#### Work required
Transcribe exactly the lines from the top of the records below through the line that holds "We've taken a", both included, with no pictures.

#### Excerpts from a dataset
■ ■ ■ ■ ■ ■ ■

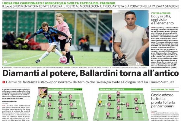 Giornale di Sicilia: “Con Diamanti al potere, Ballardini torna all’antico: riecco il 3-4-1-2. L’arrivo del fantasista sponsorizzato dal tecnico, è lui il nuovo Vazquez”
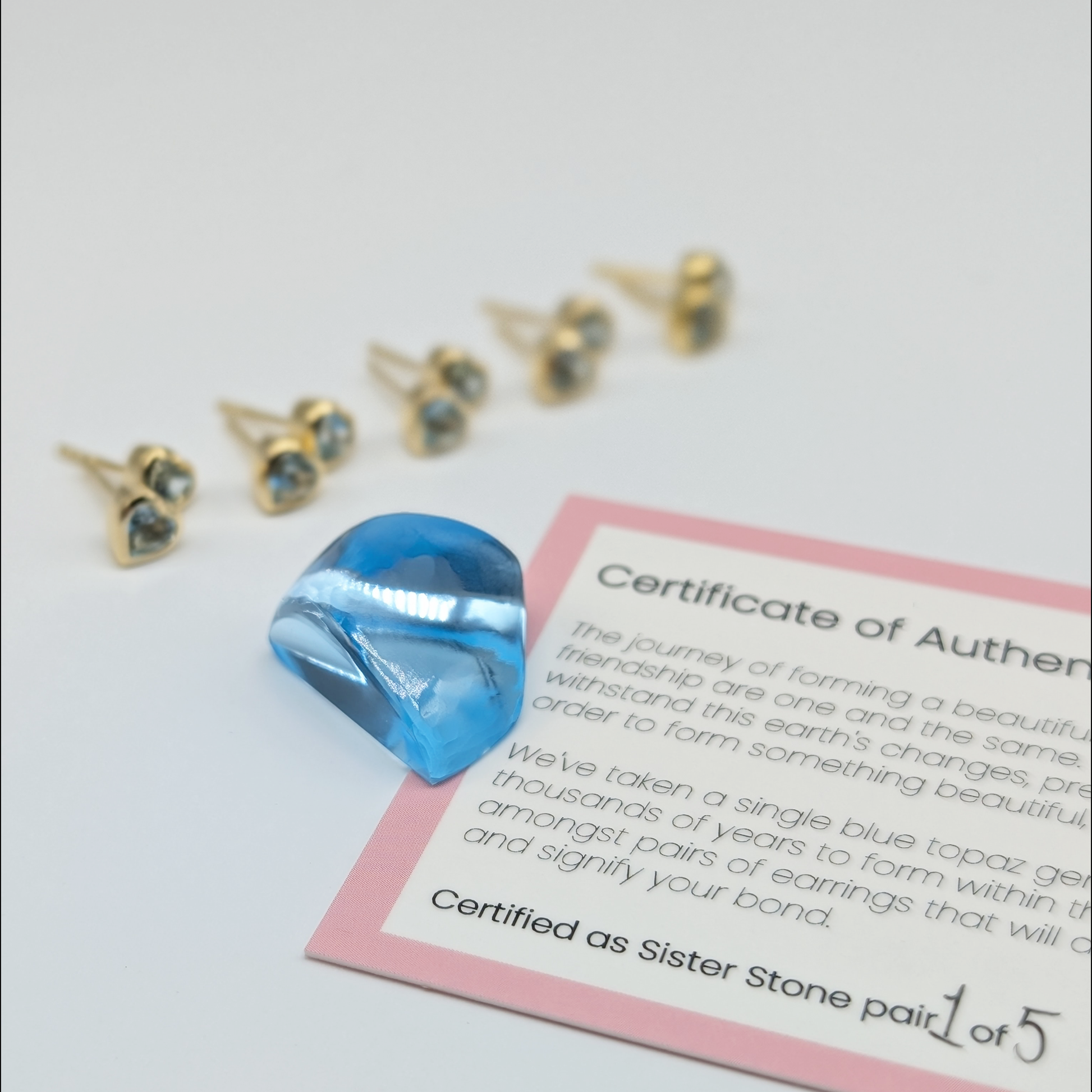 We've taken a single blue topaz gemstone, the stone of harmony and loyalty, and divided it amongst five pairs of Sister Stones earrings that will always share a connection, and signify your bond.
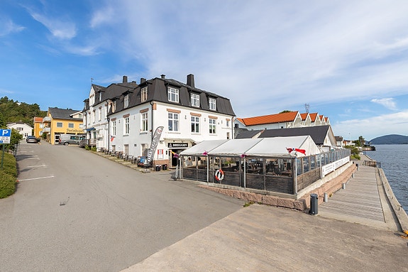 Næringseiendom består av et kombinert bolig-/næringsbygg på 3-4 etasjer med selveierenheter / seksjoner. Bestiktiget næringsdel på et plan, seksjonsnummer 1, ligger i u.etasje og består av restaurant-pub med bod lager på siden. Uteservering i bakgården og ned i mot svelvikstrømmen.
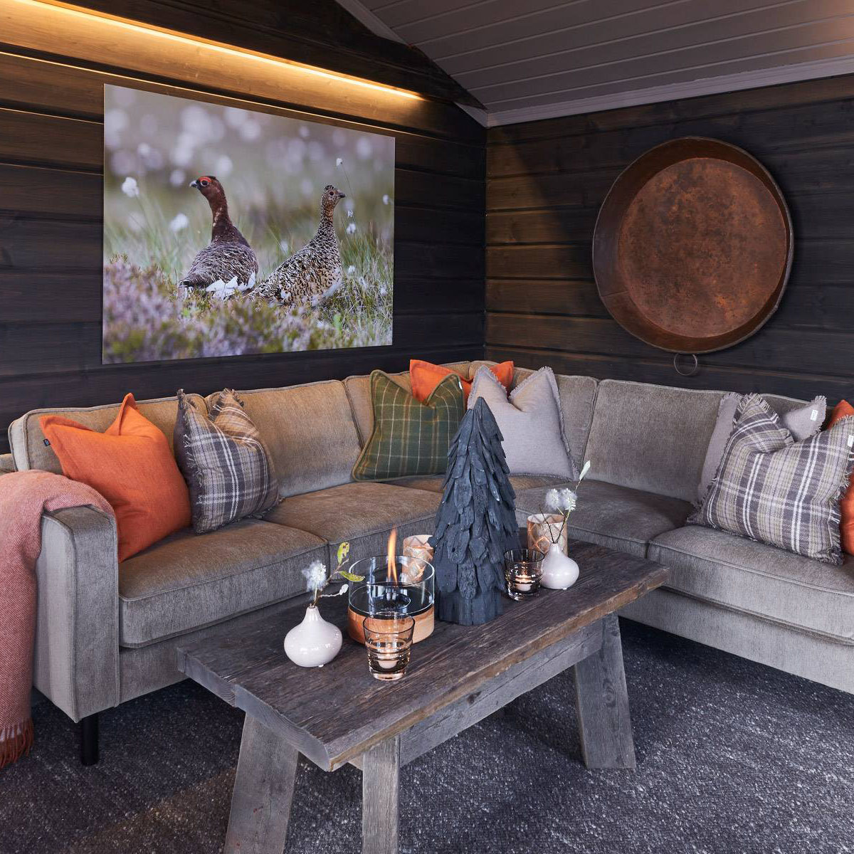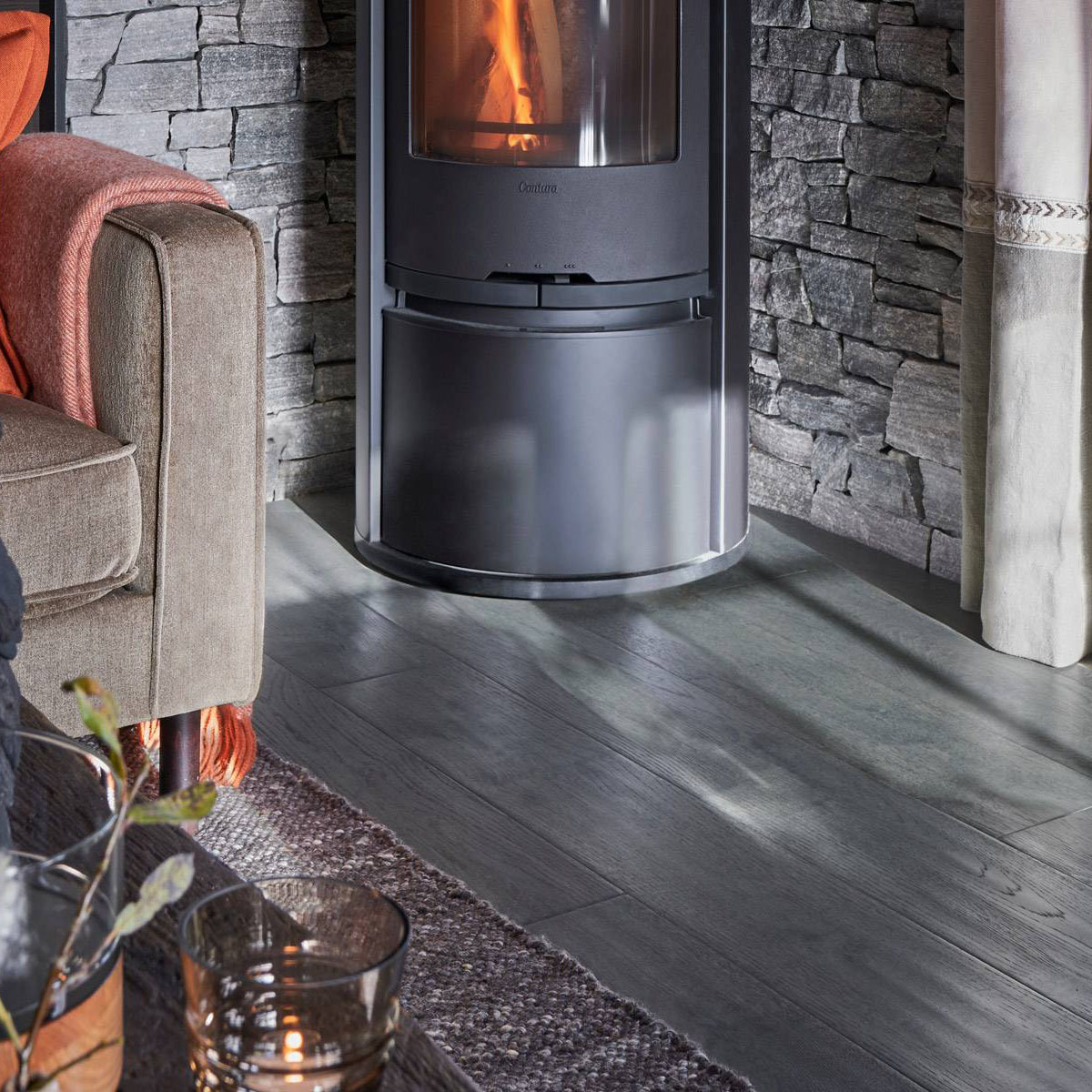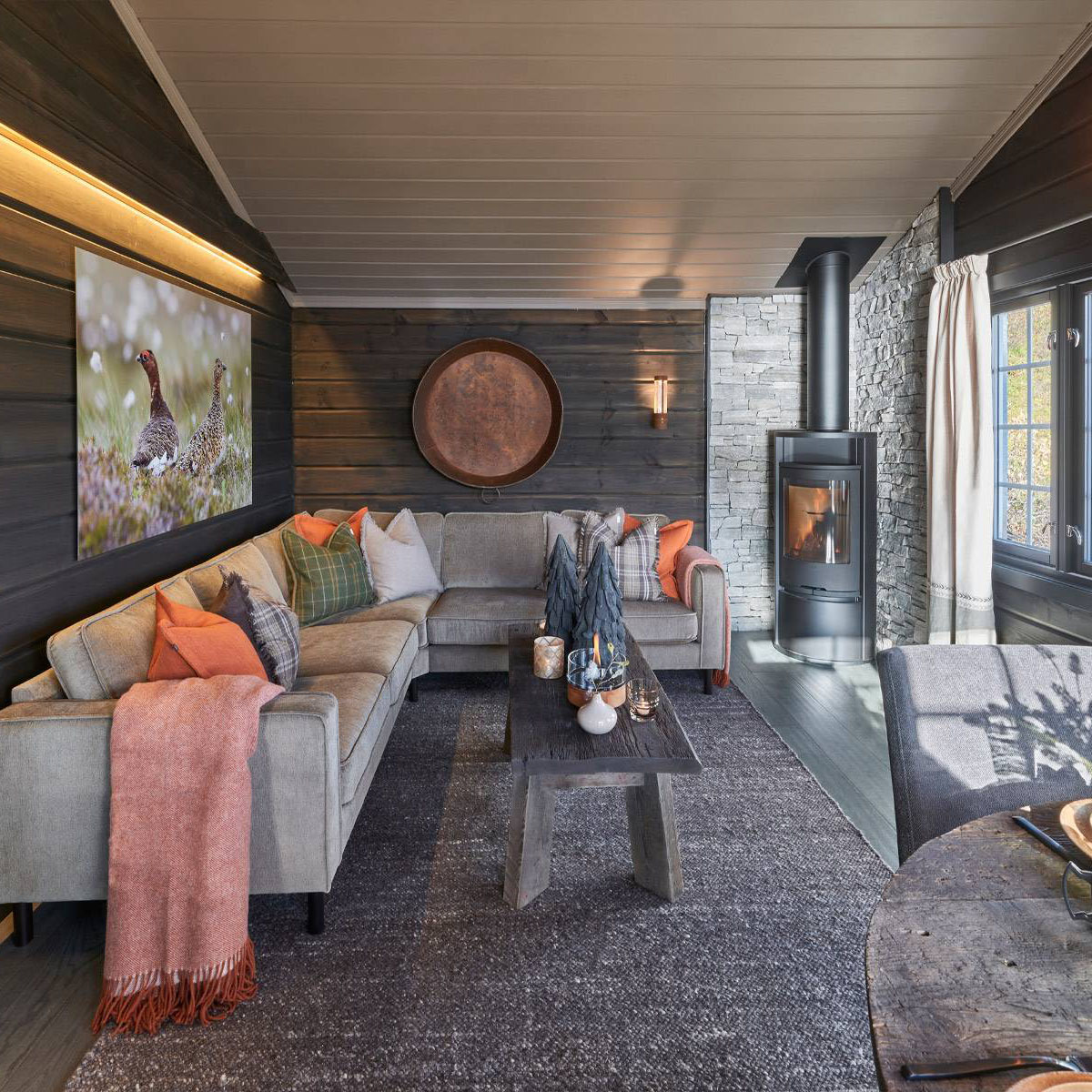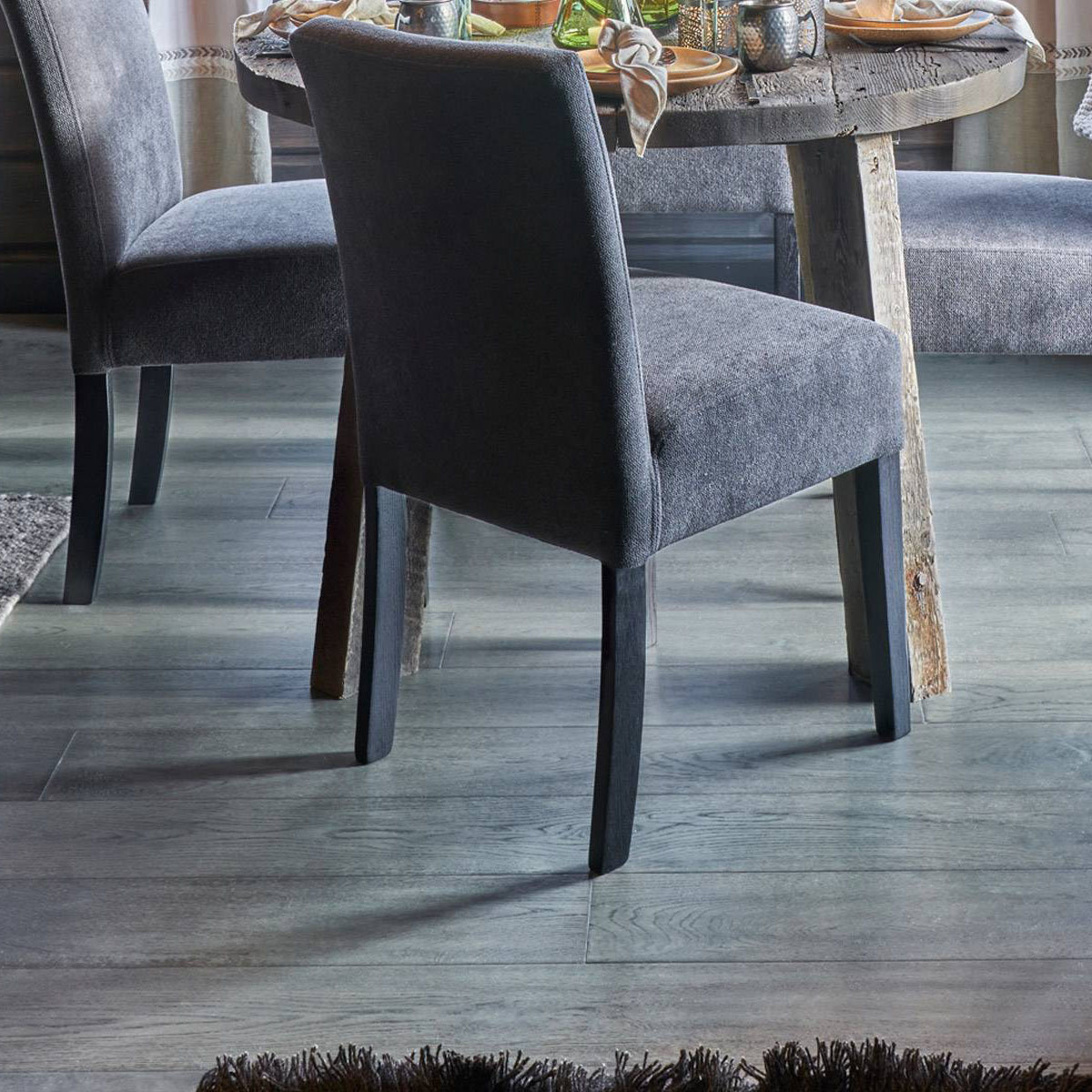 Vakker parkett i mørke grå mot antrasitt og værbitt overflate. Dette er et parkettgulv med farger i fra fjellets virkelige lød. Den store trenden nå på fjellhytter er at tømmervegger og gulv går i ett mot store vindusflater som slipper inn mye lys. Parkett Hemsedal er Ustaoset enkel å kombinere mot beis fra Jotun eller Tyrilin hvor det treffer nærmest perfekt. Jotun sin KULLSORT er benyttet av flere.
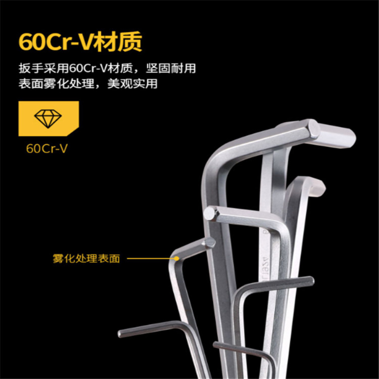 得力吊環(huán)平頭內(nèi)六角10件套采用優(yōu)質(zhì)鉻釩鋼制造,整體熱處理,硬度可達52-56HRC。
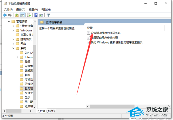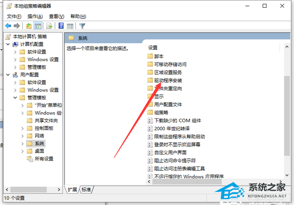 3. 在管理模板右侧双击“系统”文件夹,进入系统文件夹后,双击“驱动程序安装”文件夹。
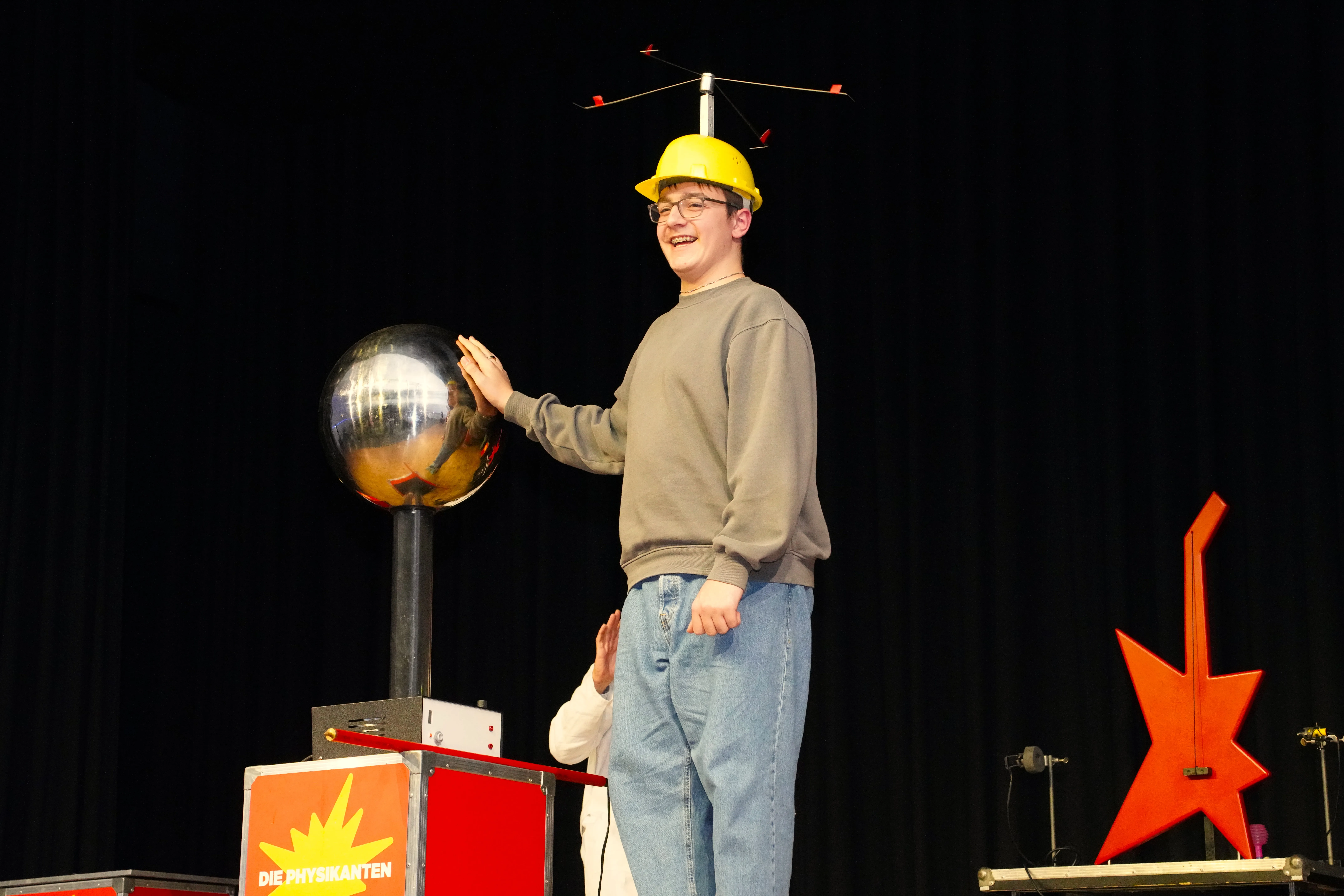 Es ging los mit Beispielen zur Rotationslehre und zur Strömungsdynamik. Das Wasserglas, das trotz einer 180-Grad-Drehung bedingt durch die Fliehkraft nicht auslief. Danach das Experiment Laser trifft Solarzelle und erzeugt Töne, anschließend dann die Erzeugung von Elektrizität nur mit PVC-Folie, Kunststoffstab und Küchentuch. Ein langgezogenes „Aaah“ des aufmerksamen Publikums begrüßte jedes neue Experiment. Und es wurde noch etliche Male das „Aaah“ gegeben. Nikita aus dem Publikum durfte aktiv das 300.000-Volt-Gefühl genießen und erleben, wie sich der Rotor auf dem aufgesetzten Helm drehte. Felix wurde als nächster Besucher ausgewählt, an einem Unterdruckexperiment teilzunehmen. Herr Marcus und der Professor löschten Kerzen mit Luftdruck, veranschaulichten die Funktionsweise eines Motors.

■ ■ ■ ■ ■ ■ ■

#### Answer for the task
 Giornale di Sicilia: “Con Diamanti al potere, Ballardini torna all’antico: riecco il 3-4-1-2. L’arrivo del fantasista sponsorizzato dal tecnico, è lui il nuovo Vazquez”
 We've taken a single blue topaz gemstone, the stone of harmony and loyalty, and divided it amongst five pairs of Sister Stones earrings that will always share a connection, and signify your bond.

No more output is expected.